◆ **TASK DESCRIPTION**
Going line by line through the records below, write out everything starting with the line containing "задачи или параллельно." and going on through the line containing "軽量で携帯性にも優れたネック", exactly and inclusively. Pictures do not go in.

◆ **DATA TO PROCESS**

::::::::::

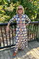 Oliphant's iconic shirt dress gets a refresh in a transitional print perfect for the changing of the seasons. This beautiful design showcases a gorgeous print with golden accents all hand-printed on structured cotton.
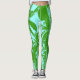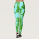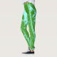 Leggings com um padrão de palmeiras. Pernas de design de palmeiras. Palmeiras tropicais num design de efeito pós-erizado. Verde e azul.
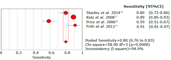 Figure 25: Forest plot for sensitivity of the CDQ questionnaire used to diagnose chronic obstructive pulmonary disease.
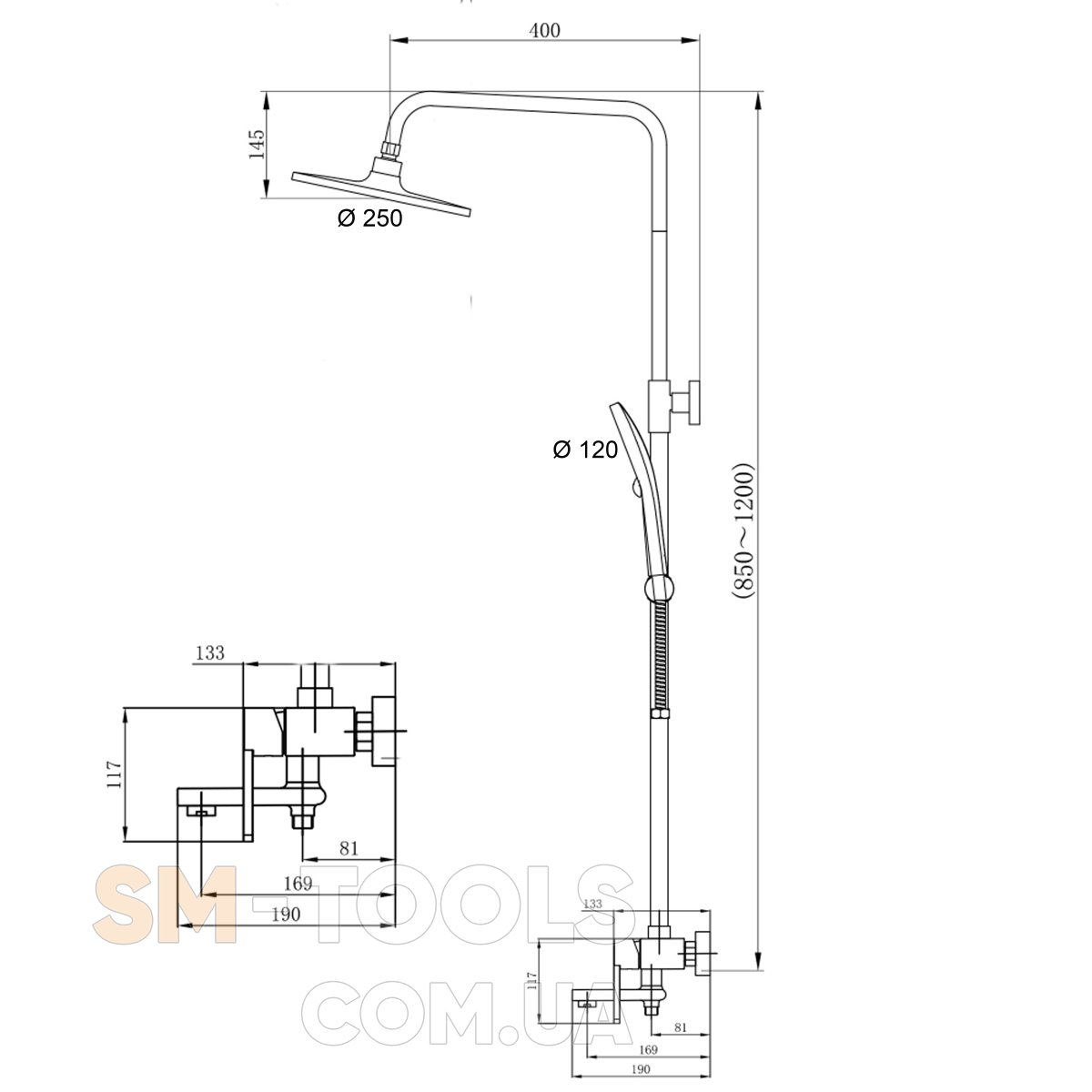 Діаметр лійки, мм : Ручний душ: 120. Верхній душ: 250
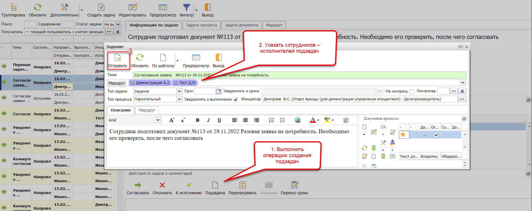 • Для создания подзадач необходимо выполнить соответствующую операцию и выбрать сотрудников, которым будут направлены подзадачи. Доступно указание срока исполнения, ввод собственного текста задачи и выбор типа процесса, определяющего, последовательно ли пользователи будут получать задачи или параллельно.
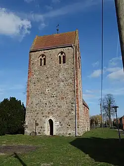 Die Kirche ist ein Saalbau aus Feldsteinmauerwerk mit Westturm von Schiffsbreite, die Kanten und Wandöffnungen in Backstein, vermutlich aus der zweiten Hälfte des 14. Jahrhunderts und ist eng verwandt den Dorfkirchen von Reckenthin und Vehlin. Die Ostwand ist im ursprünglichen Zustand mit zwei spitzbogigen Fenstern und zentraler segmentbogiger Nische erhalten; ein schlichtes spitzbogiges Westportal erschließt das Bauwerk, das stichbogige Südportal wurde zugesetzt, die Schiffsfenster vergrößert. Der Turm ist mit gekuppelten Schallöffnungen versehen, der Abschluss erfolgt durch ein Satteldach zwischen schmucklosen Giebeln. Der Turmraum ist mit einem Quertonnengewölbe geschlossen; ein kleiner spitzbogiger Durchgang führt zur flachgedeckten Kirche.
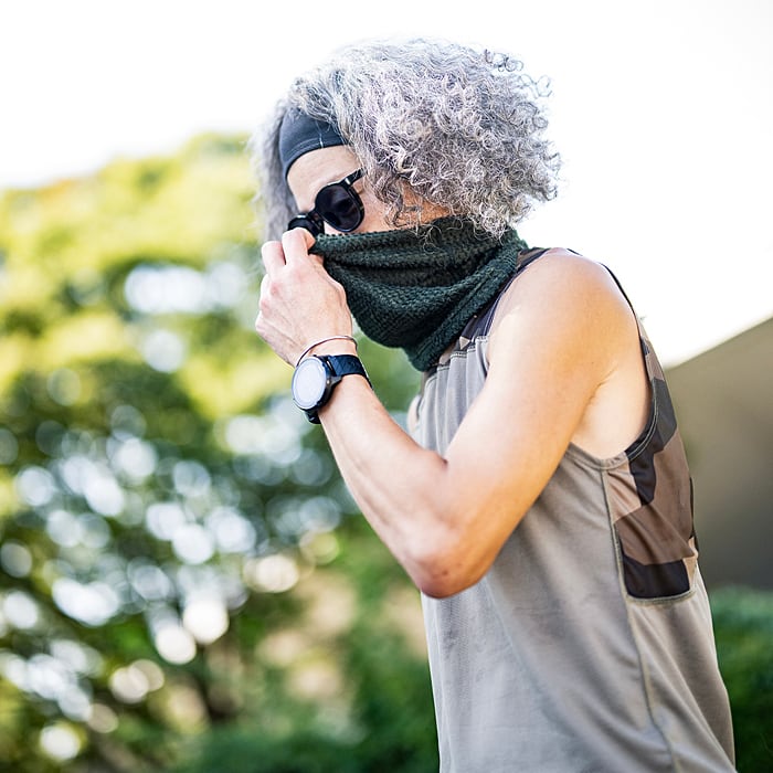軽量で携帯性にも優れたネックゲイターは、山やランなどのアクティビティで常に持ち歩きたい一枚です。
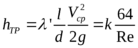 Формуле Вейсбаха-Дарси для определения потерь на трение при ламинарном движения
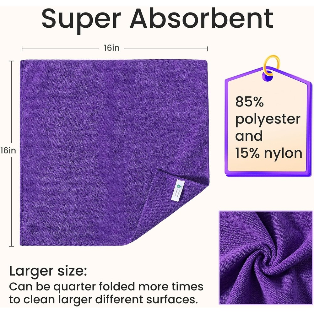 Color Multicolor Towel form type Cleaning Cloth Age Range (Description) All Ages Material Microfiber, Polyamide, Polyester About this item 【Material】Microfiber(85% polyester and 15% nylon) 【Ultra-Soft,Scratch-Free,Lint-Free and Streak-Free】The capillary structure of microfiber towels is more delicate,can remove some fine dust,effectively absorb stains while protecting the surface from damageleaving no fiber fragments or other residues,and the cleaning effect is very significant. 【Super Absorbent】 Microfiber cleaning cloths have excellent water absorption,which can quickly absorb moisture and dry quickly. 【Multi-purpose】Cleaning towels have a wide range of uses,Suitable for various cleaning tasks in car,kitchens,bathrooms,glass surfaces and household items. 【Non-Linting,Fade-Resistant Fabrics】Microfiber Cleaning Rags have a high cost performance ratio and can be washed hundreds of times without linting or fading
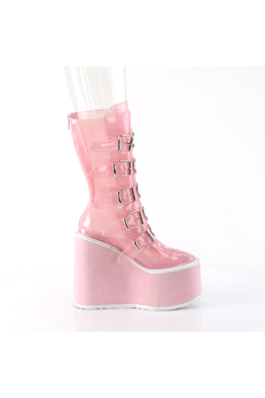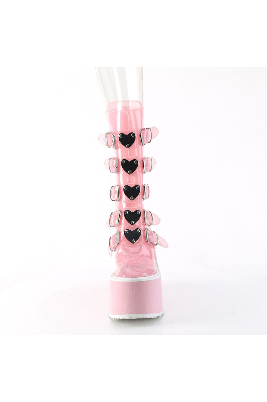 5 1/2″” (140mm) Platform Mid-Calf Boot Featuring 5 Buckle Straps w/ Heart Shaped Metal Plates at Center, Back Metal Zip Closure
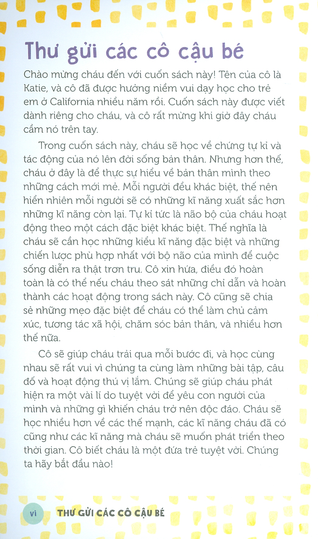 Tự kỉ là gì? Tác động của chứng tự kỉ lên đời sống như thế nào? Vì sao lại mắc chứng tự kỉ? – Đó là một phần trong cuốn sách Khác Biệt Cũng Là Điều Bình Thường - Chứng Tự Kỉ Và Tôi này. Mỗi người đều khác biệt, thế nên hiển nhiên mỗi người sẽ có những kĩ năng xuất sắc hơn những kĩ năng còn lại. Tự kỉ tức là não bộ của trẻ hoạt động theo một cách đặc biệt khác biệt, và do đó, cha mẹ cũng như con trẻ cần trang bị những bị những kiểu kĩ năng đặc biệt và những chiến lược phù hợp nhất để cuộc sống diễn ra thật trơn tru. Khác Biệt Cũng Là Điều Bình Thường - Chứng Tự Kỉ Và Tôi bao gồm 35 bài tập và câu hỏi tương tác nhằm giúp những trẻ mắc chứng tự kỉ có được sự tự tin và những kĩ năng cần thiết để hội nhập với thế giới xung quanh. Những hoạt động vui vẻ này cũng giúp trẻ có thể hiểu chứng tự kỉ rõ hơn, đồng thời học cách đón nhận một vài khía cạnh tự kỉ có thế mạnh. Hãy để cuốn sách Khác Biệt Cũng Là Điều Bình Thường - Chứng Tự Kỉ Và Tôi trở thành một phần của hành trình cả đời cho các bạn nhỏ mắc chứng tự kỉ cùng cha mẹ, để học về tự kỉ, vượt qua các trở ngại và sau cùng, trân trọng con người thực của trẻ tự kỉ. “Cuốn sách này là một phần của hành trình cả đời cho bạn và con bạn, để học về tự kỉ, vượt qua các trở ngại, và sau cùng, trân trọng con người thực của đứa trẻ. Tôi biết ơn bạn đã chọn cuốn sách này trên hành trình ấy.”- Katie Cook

::::::::::

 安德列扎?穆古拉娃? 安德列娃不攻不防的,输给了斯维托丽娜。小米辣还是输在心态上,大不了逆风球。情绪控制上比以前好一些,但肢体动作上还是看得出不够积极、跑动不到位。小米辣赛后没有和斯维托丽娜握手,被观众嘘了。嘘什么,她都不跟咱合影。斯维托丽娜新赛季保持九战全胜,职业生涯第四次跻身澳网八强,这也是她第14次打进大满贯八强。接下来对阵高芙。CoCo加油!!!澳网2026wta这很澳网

::::::::::

◆ **WRITTEN ANSWER**
 • Для создания подзадач необходимо выполнить соответствующую операцию и выбрать сотрудников, которым будут направлены подзадачи. Доступно указание срока исполнения, ввод собственного текста задачи и выбор типа процесса, определяющего, последовательно ли пользователи будут получать задачи или параллельно.
 Die Kirche ist ein Saalbau aus Feldsteinmauerwerk mit Westturm von Schiffsbreite, die Kanten und Wandöffnungen in Backstein, vermutlich aus der zweiten Hälfte des 14. Jahrhunderts und ist eng verwandt den Dorfkirchen von Reckenthin und Vehlin. Die Ostwand ist im ursprünglichen Zustand mit zwei spitzbogigen Fenstern und zentraler segmentbogiger Nische erhalten; ein schlichtes spitzbogiges Westportal erschließt das Bauwerk, das stichbogige Südportal wurde zugesetzt, die Schiffsfenster vergrößert. Der Turm ist mit gekuppelten Schallöffnungen versehen, der Abschluss erfolgt durch ein Satteldach zwischen schmucklosen Giebeln. Der Turmraum ist mit einem Quertonnengewölbe geschlossen; ein kleiner spitzbogiger Durchgang führt zur flachgedeckten Kirche.
軽量で携帯性にも優れたネックゲイターは、山やランなどのアクティビティで常に持ち歩きたい一枚です。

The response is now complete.